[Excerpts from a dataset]
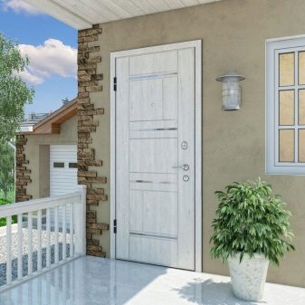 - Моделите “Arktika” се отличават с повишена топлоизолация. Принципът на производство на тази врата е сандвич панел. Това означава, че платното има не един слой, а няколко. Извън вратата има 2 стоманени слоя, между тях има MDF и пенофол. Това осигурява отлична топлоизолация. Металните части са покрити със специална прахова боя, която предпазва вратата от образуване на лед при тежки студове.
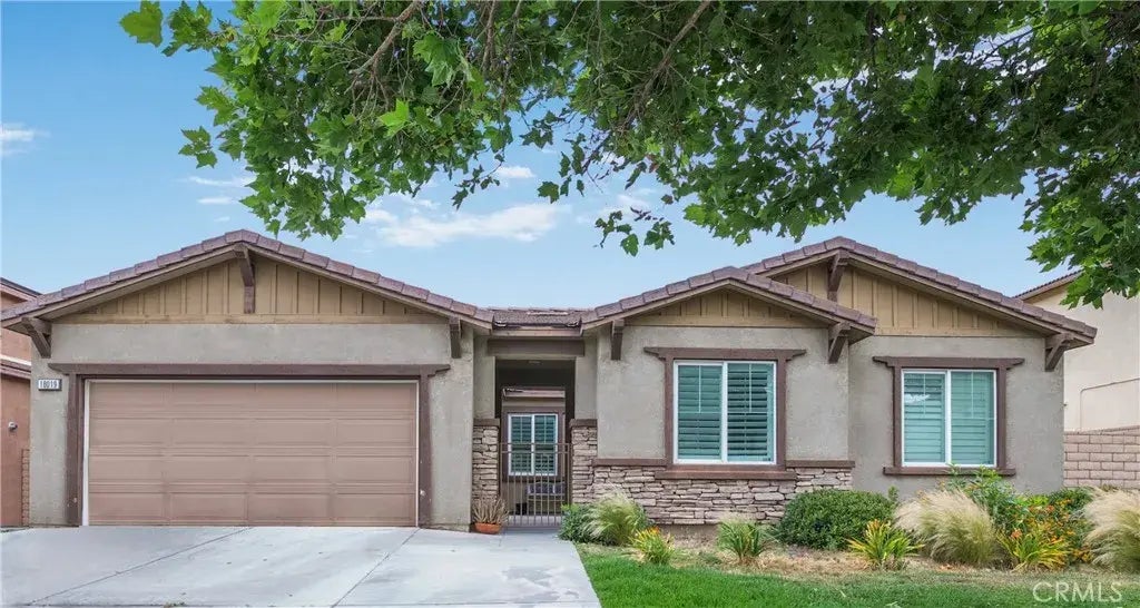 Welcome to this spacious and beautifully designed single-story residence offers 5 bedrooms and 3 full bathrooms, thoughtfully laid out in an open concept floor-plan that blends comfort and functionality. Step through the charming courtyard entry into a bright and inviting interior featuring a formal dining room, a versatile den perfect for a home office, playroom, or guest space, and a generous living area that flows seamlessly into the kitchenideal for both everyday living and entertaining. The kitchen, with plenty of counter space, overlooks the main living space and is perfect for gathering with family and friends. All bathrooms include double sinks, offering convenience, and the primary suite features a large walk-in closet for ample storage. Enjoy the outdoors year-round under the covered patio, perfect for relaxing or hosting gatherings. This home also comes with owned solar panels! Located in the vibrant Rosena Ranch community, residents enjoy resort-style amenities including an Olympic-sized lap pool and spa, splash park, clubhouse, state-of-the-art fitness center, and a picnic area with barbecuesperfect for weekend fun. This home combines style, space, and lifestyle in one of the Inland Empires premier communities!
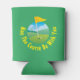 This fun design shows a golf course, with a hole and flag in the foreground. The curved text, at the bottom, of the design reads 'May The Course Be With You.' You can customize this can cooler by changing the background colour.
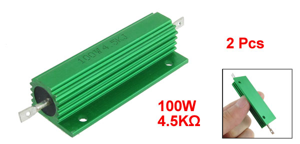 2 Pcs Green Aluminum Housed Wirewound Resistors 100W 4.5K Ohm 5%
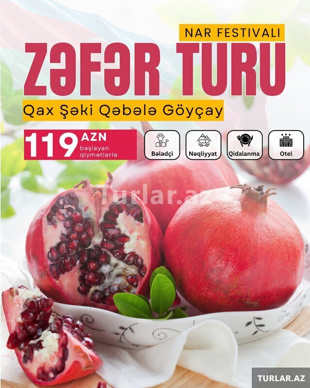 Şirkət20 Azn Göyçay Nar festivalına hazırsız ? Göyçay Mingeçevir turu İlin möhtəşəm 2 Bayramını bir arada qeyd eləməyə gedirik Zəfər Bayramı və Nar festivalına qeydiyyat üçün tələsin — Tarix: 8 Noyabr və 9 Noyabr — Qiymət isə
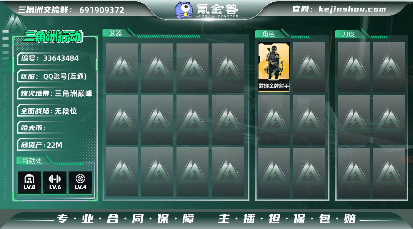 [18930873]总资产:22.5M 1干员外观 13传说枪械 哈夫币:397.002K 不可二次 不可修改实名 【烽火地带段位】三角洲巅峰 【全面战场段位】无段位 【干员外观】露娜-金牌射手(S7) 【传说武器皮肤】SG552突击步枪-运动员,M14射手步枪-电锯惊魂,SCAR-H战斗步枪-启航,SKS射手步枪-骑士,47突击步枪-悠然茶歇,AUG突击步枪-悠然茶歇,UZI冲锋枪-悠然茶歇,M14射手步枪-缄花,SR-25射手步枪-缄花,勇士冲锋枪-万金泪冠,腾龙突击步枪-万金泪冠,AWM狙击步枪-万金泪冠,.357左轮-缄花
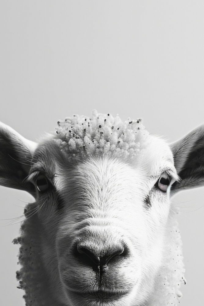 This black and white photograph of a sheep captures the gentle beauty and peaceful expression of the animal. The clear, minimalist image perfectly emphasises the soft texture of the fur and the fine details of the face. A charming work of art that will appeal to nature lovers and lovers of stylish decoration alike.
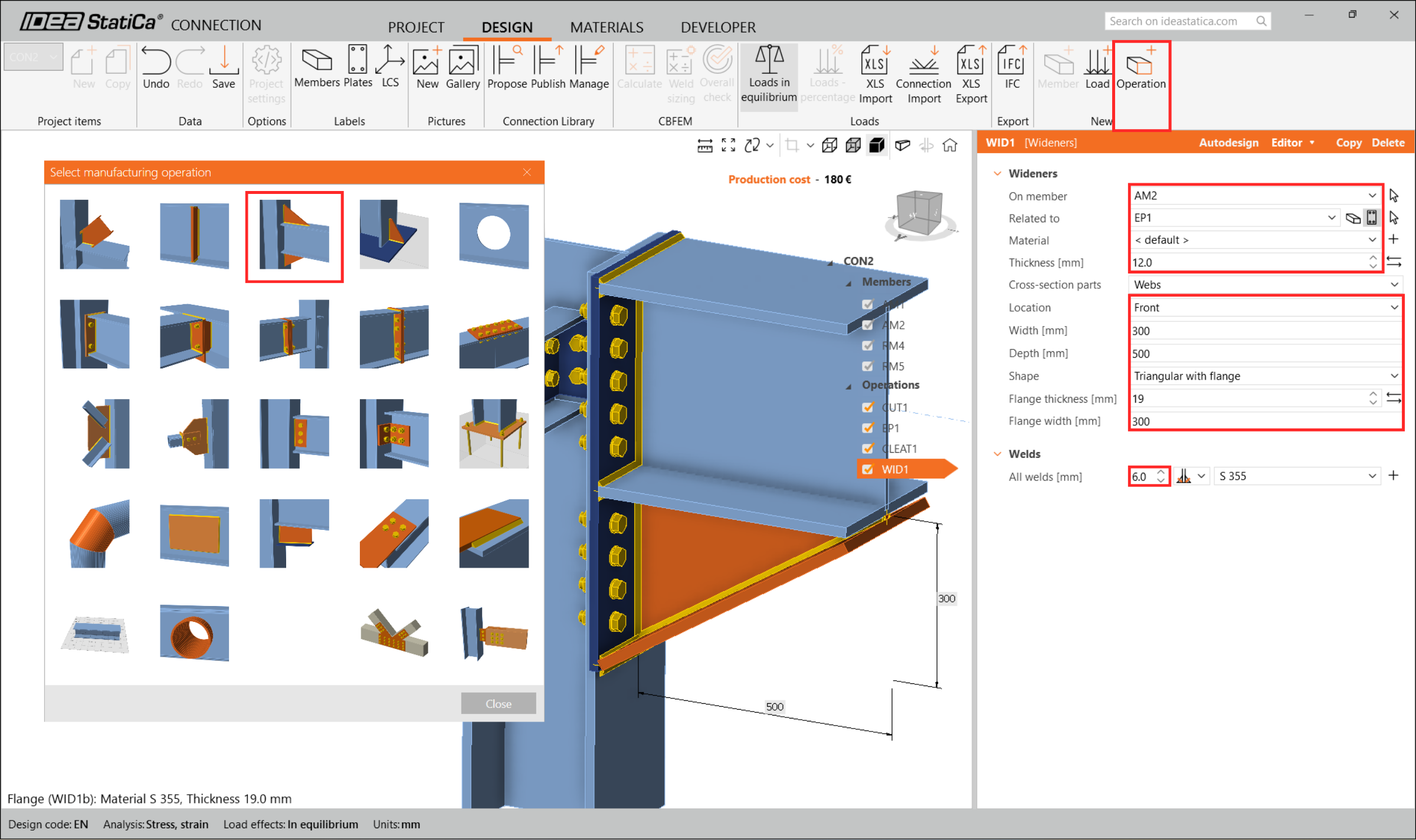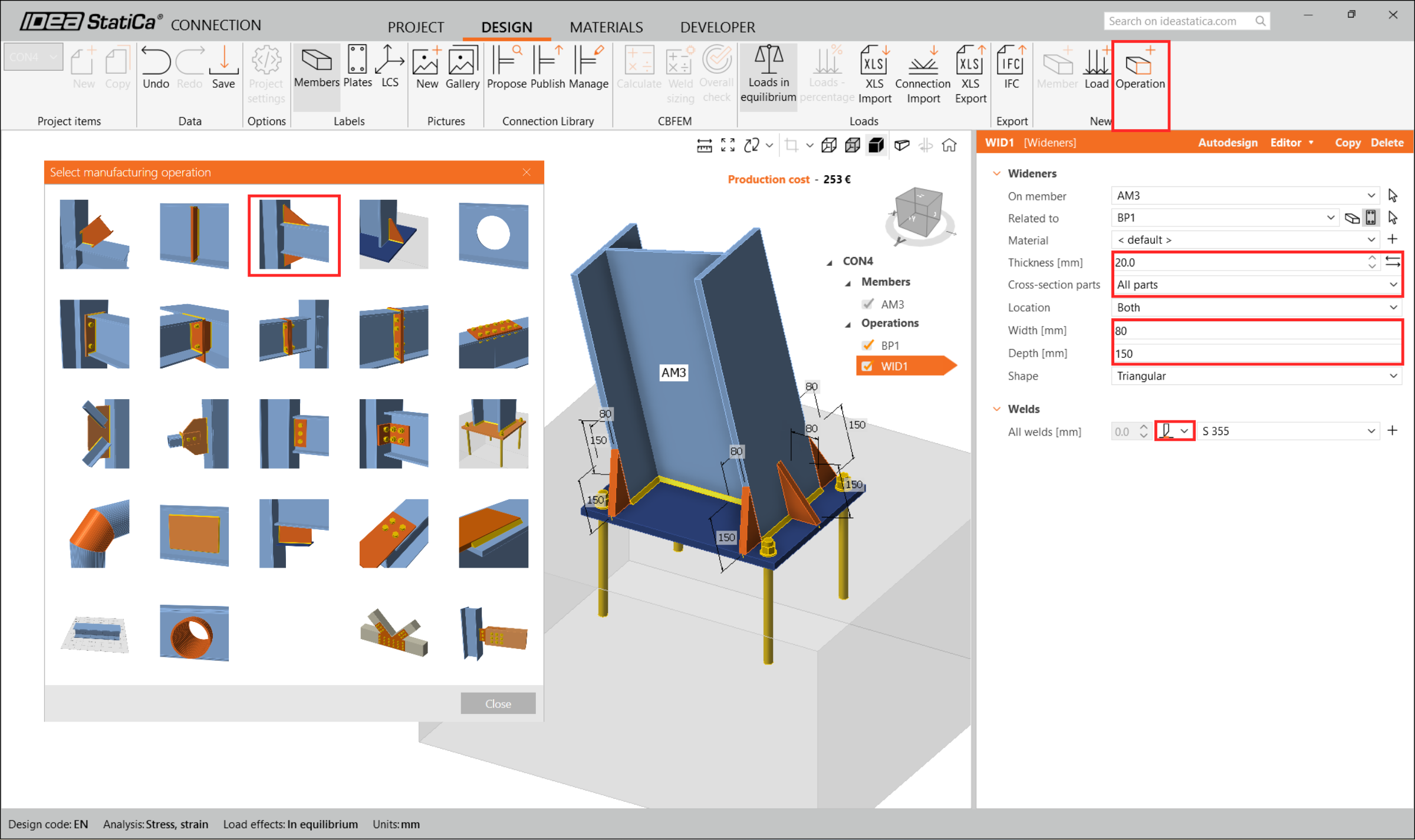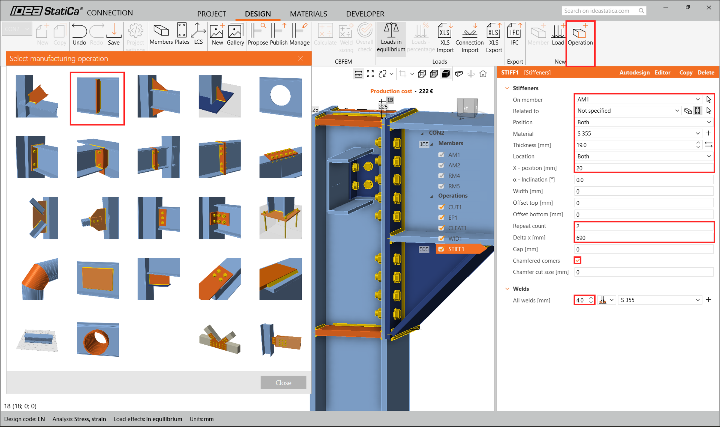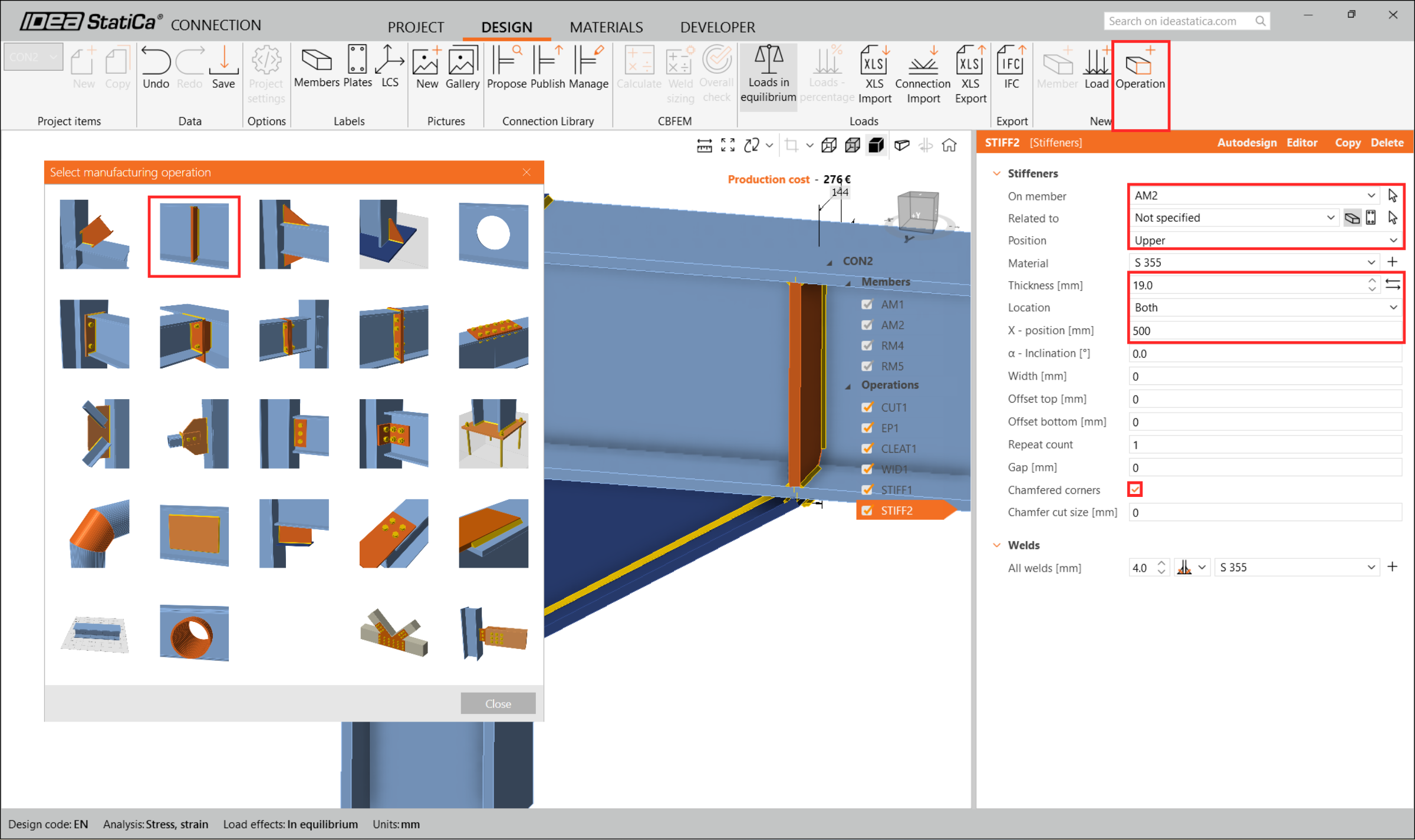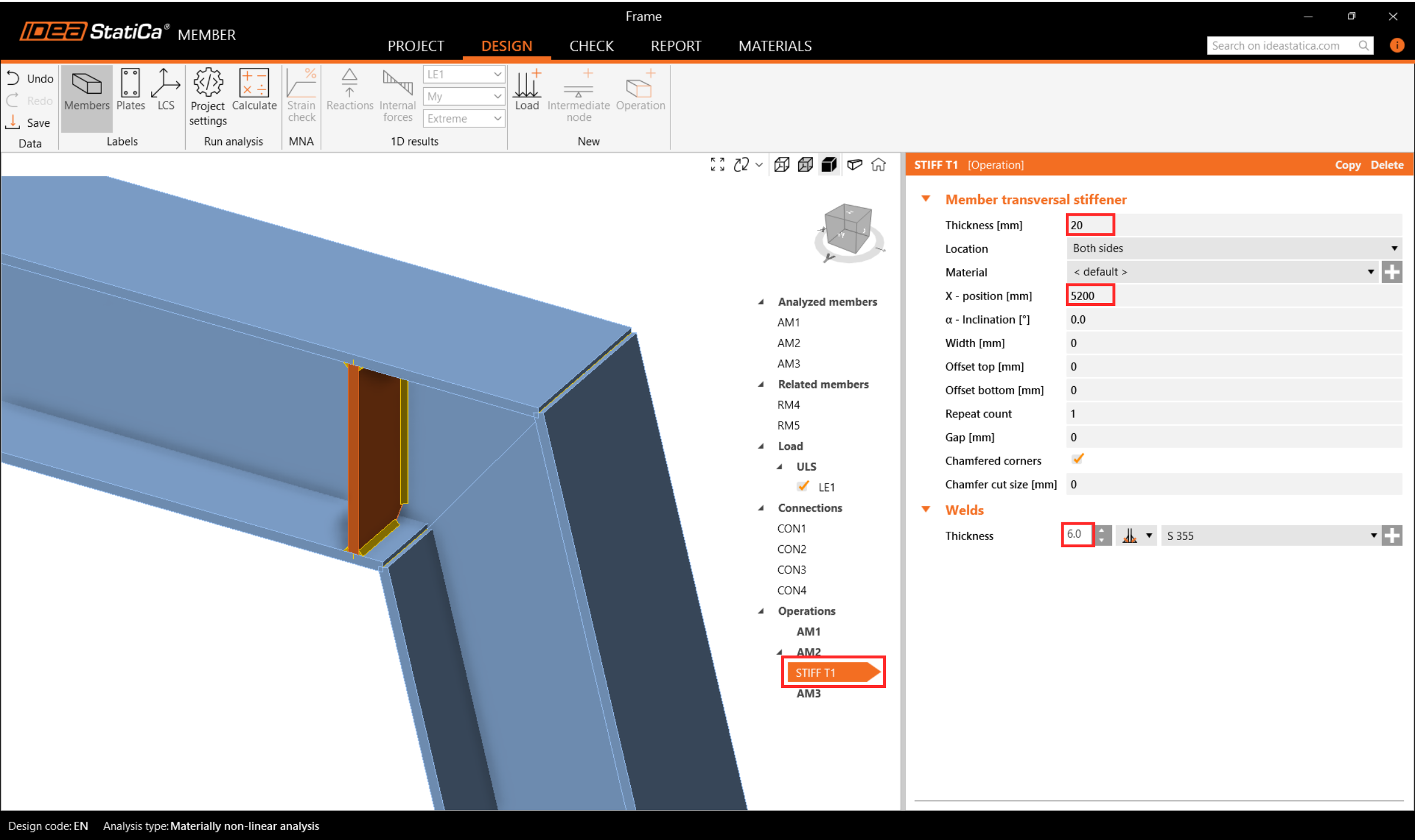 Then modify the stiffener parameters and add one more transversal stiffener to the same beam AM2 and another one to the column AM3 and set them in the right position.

ABOUT THIS TASK:
Word for word, write out the lines above running from the one with "This fun design" up to and including the one with "Şirkət20 Azn Göyçay". Drop any picture.

TASK OUTPUT:
 This fun design shows a golf course, with a hole and flag in the foreground. The curved text, at the bottom, of the design reads 'May The Course Be With You.' You can customize this can cooler by changing the background colour.
 2 Pcs Green Aluminum Housed Wirewound Resistors 100W 4.5K Ohm 5%
 Şirkət20 Azn Göyçay Nar festivalına hazırsız ? Göyçay Mingeçevir turu İlin möhtəşəm 2 Bayramını bir arada qeyd eləməyə gedirik Zəfər Bayramı və Nar festivalına qeydiyyat üçün tələsin — Tarix: 8 Noyabr və 9 Noyabr — Qiymət isə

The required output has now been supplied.